--- THE DATA ---
- Opening Delimiter -

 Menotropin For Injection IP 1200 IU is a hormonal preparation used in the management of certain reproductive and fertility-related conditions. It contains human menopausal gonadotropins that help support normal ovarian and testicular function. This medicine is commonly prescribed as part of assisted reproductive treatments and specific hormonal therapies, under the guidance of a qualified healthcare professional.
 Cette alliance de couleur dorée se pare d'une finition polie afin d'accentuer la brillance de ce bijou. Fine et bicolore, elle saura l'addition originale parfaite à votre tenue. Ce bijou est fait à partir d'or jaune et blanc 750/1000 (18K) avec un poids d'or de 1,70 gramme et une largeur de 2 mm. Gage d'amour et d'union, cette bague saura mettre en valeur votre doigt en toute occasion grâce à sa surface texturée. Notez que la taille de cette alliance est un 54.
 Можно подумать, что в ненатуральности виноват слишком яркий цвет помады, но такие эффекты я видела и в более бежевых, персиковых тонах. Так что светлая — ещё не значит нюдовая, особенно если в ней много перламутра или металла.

- Closing Delimiter -
- Opening Delimiter -

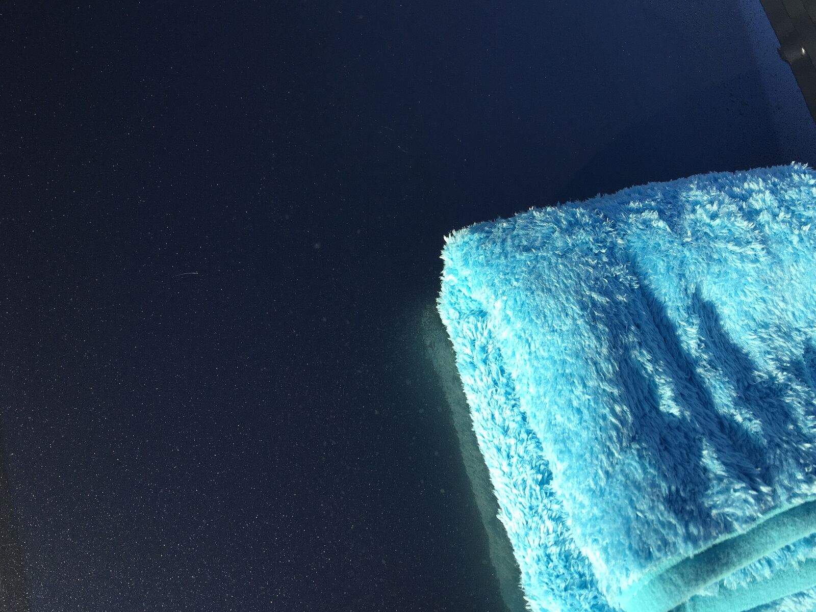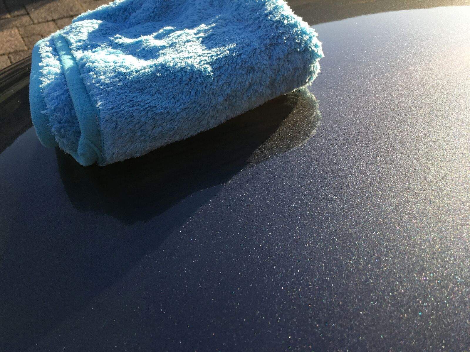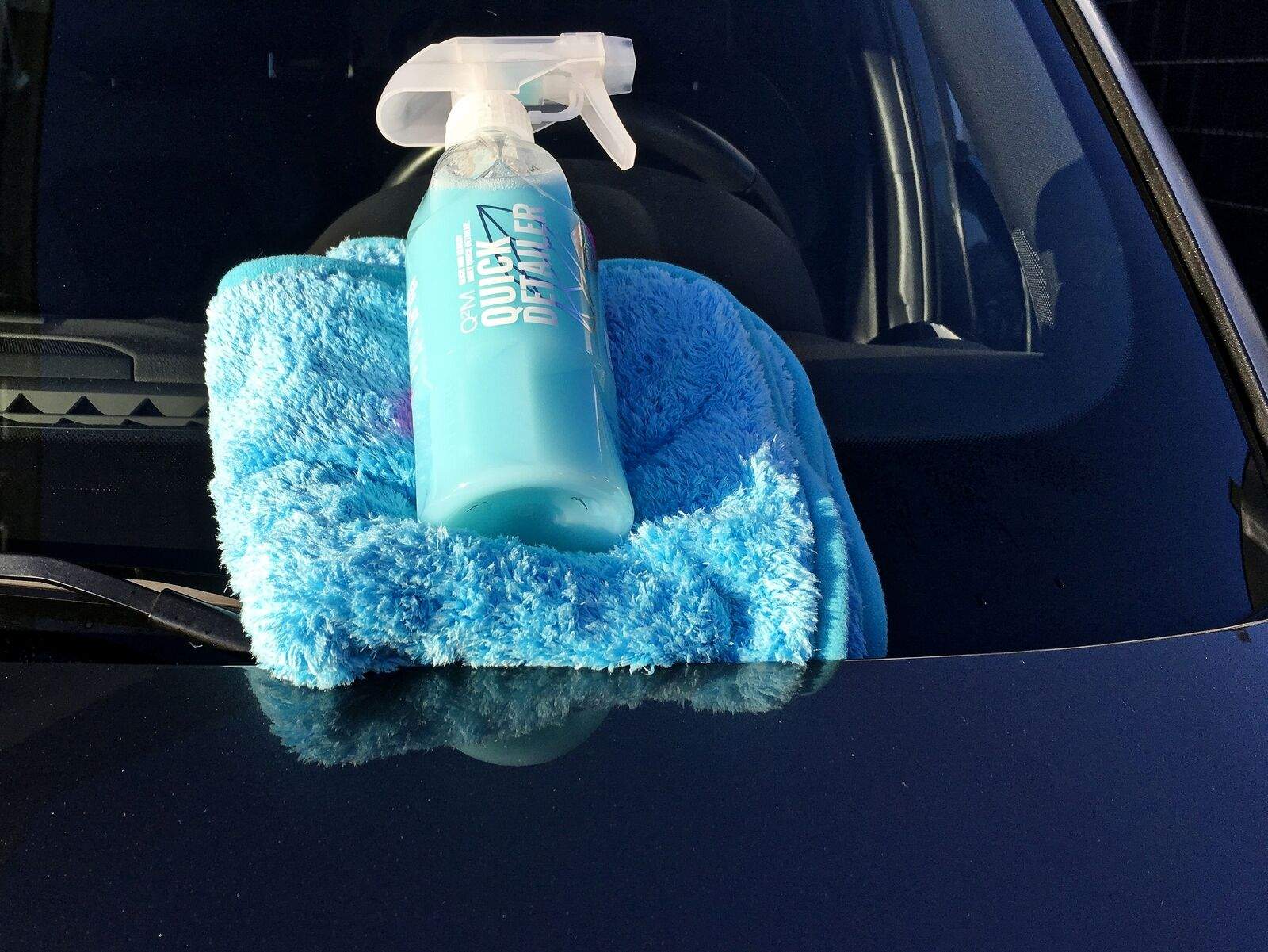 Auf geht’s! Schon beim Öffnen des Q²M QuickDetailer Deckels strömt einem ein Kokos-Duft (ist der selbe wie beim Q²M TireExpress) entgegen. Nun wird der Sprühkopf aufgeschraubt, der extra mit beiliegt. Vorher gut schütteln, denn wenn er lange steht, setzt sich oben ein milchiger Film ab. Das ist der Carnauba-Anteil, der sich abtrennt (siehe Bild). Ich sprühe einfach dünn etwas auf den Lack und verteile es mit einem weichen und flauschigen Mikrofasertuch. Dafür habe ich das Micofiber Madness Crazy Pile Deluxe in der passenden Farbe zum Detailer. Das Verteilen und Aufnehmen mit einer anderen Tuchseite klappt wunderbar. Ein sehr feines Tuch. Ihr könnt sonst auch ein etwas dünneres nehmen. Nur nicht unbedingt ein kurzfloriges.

- Closing Delimiter -
- Opening Delimiter -

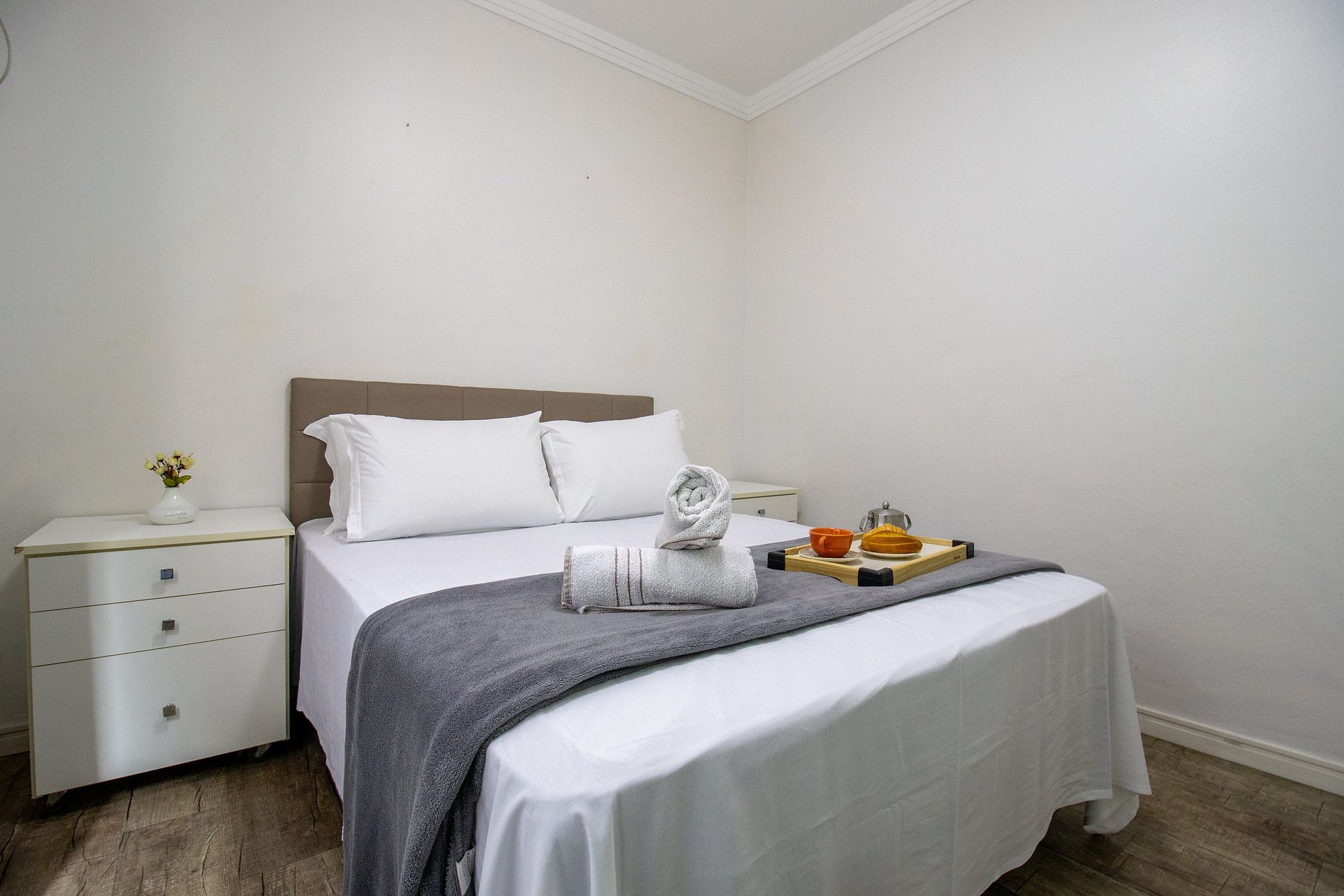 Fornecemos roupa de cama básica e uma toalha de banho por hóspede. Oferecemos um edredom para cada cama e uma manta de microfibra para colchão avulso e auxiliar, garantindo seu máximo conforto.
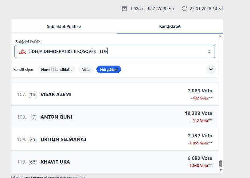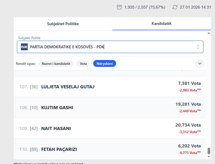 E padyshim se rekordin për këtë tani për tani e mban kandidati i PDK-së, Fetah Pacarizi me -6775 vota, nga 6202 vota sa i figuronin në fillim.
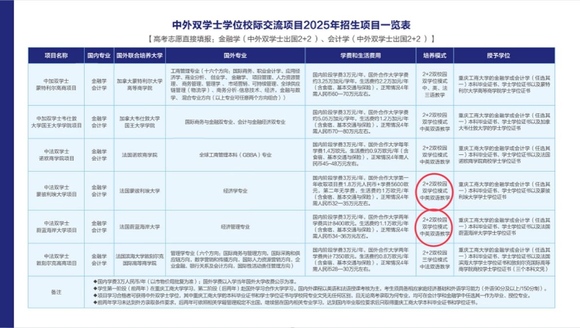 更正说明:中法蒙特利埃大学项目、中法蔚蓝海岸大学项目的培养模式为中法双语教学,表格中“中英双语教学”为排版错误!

- Closing Delimiter -

Above are the records; copy exactly the lines from the one with "Fornecemos roupa de" through the one with "更正说明:中法蒙特利埃大学项", including both, and nothing more. Leave out pictures.

--- OUTPUT ---
 Fornecemos roupa de cama básica e uma toalha de banho por hóspede. Oferecemos um edredom para cada cama e uma manta de microfibra para colchão avulso e auxiliar, garantindo seu máximo conforto.
 E padyshim se rekordin për këtë tani për tani e mban kandidati i PDK-së, Fetah Pacarizi me -6775 vota, nga 6202 vota sa i figuronin në fillim.
 更正说明:中法蒙特利埃大学项目、中法蔚蓝海岸大学项目的培养模式为中法双语教学,表格中“中英双语教学”为排版错误!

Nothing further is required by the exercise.